Görevden alınan Çin Dışişleri Bakanı Qin Gang nerede?

Daha önce ABD Büyükelçiliği de yapan Qin aralıkta bakanlığa getirilmişti

2021-2022'de Çin'in ABD Büyükelçisi olarak görev yapan Qin Gang, 1992'den bu yana dışişleri bakanlığı bünyesinde çalışıyordu (Reuters)
2021-2022'de Çin'in ABD Büyükelçisi olarak görev yapan Qin Gang, 1992'den bu yana dışişleri bakanlığı bünyesinde çalışıyordu (Reuters)
TT

Görevden alınan Çin Dışişleri Bakanı Qin Gang nerede?

2021-2022'de Çin'in ABD Büyükelçisi olarak görev yapan Qin Gang, 1992'den bu yana dışişleri bakanlığı bünyesinde çalışıyordu (Reuters)
2021-2022'de Çin'in ABD Büyükelçisi olarak görev yapan Qin Gang, 1992'den bu yana dışişleri bakanlığı bünyesinde çalışıyordu (Reuters)

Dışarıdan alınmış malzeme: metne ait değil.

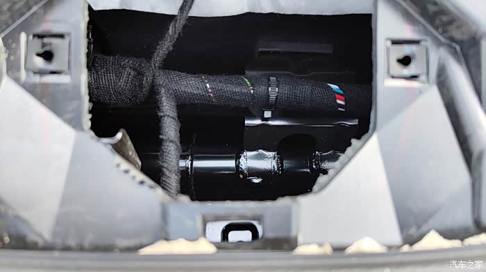 然后安装上车,这部分忘了拍照,我大概说一下,先找个够长的铁丝,不能太软,至少一米以上吧,我用的大概两米,从拆下来喇叭罩的位置往下捅,因为车中控内部大部分都是有空隙的,所以基本上很轻松就能从下面看见铁丝,然后把连接线连接主机的这头绑在铁丝上,慢慢的往回拽,小心别刮到东西,拽上来之后插上插头,线预留不要太长,太长了喇叭罩盖不住,然后把喇叭罩盖上,接下来启动车辆,注意,一定要先启动,然后把连接线的另外一头插在行车电脑的检修连接口上,大概位置在刹车踏板的上方,然后把多余的线整理好。OK,大功告成!!
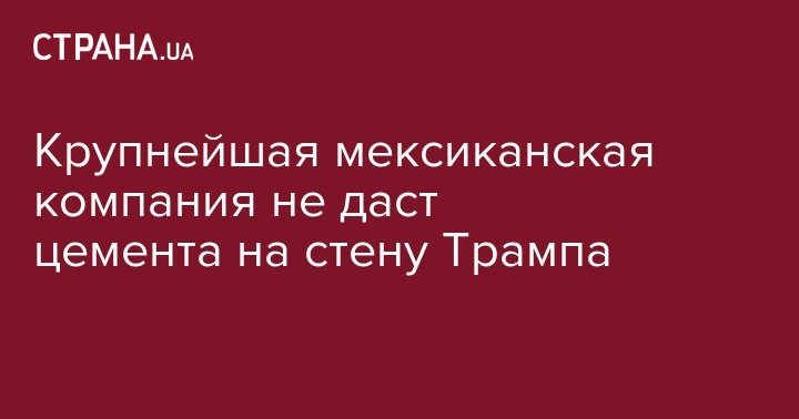 Крупнейшая мексиканская компания по производству цемента Cemex отказалась участвовать в строительстве пограничной стены, которую обещает построить президент США Дональд Трамп. Об этом сказал президент компании Ромелио Самбрано, передает CNN.
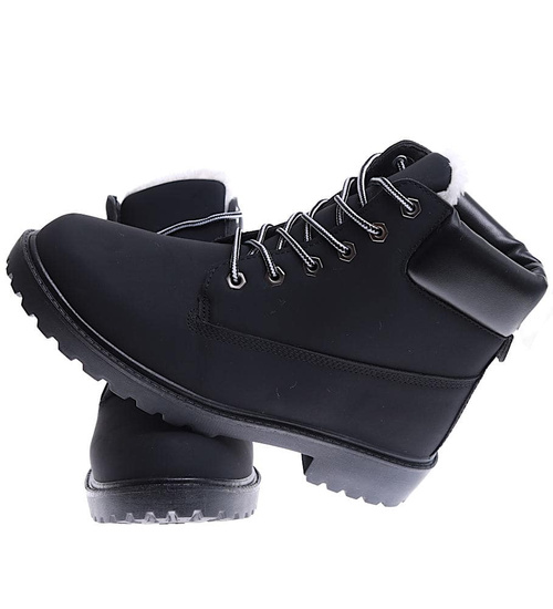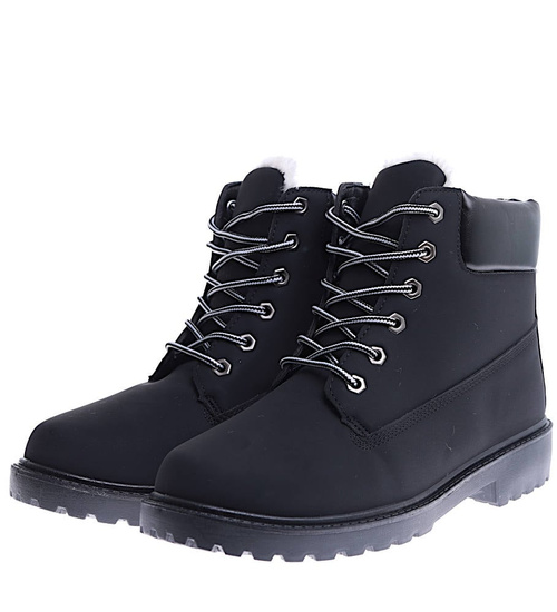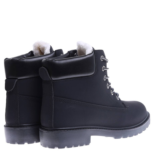 Zimowe trapery timberki męskie Czarne /E3-1 15387 T504/

Haftalar boyunca kamuoyunun karşısına çıkmadıktan sonra bu hafta Çin yönetimi tarafından görevden alınan eski Dışişleri Bakanı Qin Gang'ın durumu belirsizliğini koruyor.

Aralıkta göreve getirilen Qin'in neden görevden alındığına ilişkin Pekin'den bir açıklama yapılmış değil ancak Çinli diplomatın isminin geçtiği tüm ifadeler Çin Dışişleri Bakanlığı'nın resmi internet sitesinden silinmiş durumda. 

Öyle ki henüz 5 hafta önce Pekin'i ziyaret eden ABD Dışişleri Bakanı Antony Blinken'ın Qin Gang'la yaptığı görüşmeyle ilgili yapılan duyuru bile sitede bulunamıyor.

Qin'in nerede olduğu, neden görevden alındığı ve Çin Komünist Partisi içindeki akıbetinin ne olacağı bilinmezliğini koruyor.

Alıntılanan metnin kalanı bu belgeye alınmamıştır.